視線を外し、金襟の箱から一本を取り出すと、男は先端を発火させた。
「……どう、とは?」
煙を吐く。内心分かっていて、あえて尋ねている様子だった。
「だって…… 大将のお考え通りなら、あんまりいい結末にはならないじゃないですか。お二人は助かっても――」
「クモ」
伊達は吐き出す煙とともに言葉をさえぎった。いつになく真面目な、『仕事』の顔だった。

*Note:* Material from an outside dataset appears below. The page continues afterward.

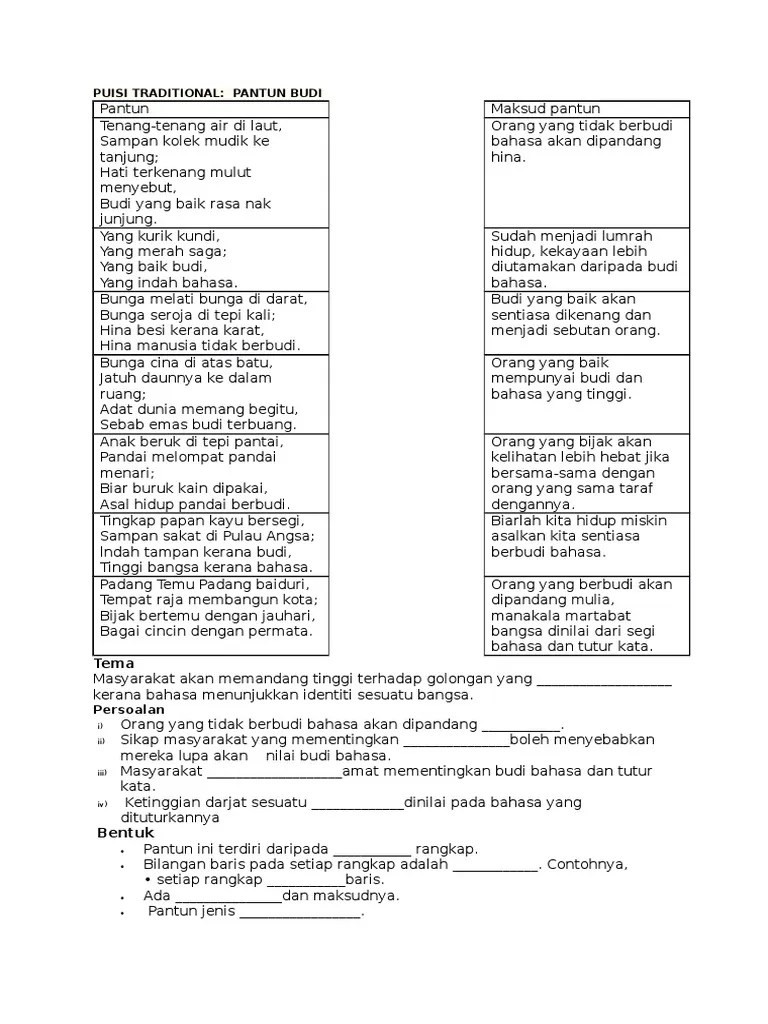 Pantun Budi K Maksud Tema Persoalan Bentuk Gaya Bahasa Nilai Pengajaran Bumi Gemilang
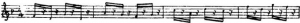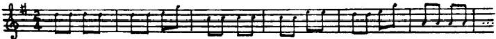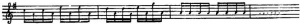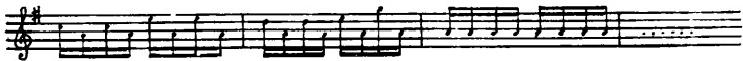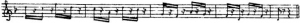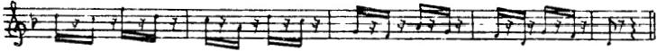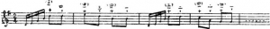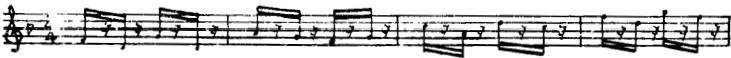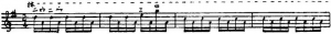 这是听觉留下的谱例,前面是演奏谱例,听觉谱与演奏谱之间的差距是靠接弓技法来填补的,这就是前面讲的实音与浮音的缘故。这似明非明的衬音加上主调交替出现时所产生的混响不正是使我们脑子里出现人呼马啸,飞沙走石啬乐形象的“显影剂”吗?试设怒,用别的技法来演奏这旋律,无疑将会大为逊色。

「俺達には、分際がある。俺達には人様を救うなんてことは出来ない。出来ることはほんの一時、手を貸してやれるってだけだ。それに…… それだって俺達の『仕事』じゃない」
「でも」という言葉を呑み込み、クモは俯く。
理解はしている。『仕事』の依頼主は『人』ではなく、『世界』なのだ。
「でもな……」
はっと、クモは絨毯から立ち上がる彼を見上げた。
「出来ることなら、いい結果がいいよな?」
力のある、頼りがいのある笑顔がそこにあった。
「そっスよね! そうに決まってます!」
だから歯を見せて、ニッと笑って返した。
根拠は無い、彼も持っていないだろう。でも大丈夫、彼は奇跡でもなんでも呼び寄せて、いい結果を無理矢理にでも引きずり出す。
クモには、そう思えた。
「さってと……」
ずるずると、彼は空中に腕を「吸い込ませて」いく。
今時分から何をと首を捻る妖精の前で、彼は中にあるものを掴み、引っ張る。
「うぉ…… 結構使ってなかったんだな」
黒い糸状の物から、絡まる埃が払われていく。その先端には彼の親指ほどの大きさの、液晶を持った赤い箱がくっついていた。
「えらく懐かしいスな、何するんスか?」
「何ってお前…… 聞く以外に何に使うんだよ」
彼は指先を紫色に発光させ、赤い箱の端子へと押し当てる。「よし、動く」と言った彼の手元で、液晶に青いデジタル文字が浮かび上がっていた。
「さて、寝るか。おやすみ」
型落ち品のMP3プレーヤーを手に、イヤホンを装着しながら伊達がベッドに向かう。随分と久しぶりな彼の様子を、クモは不思議そうに見送った。
最早一つと見える双月は、今夜の地上を白く染めあげていた。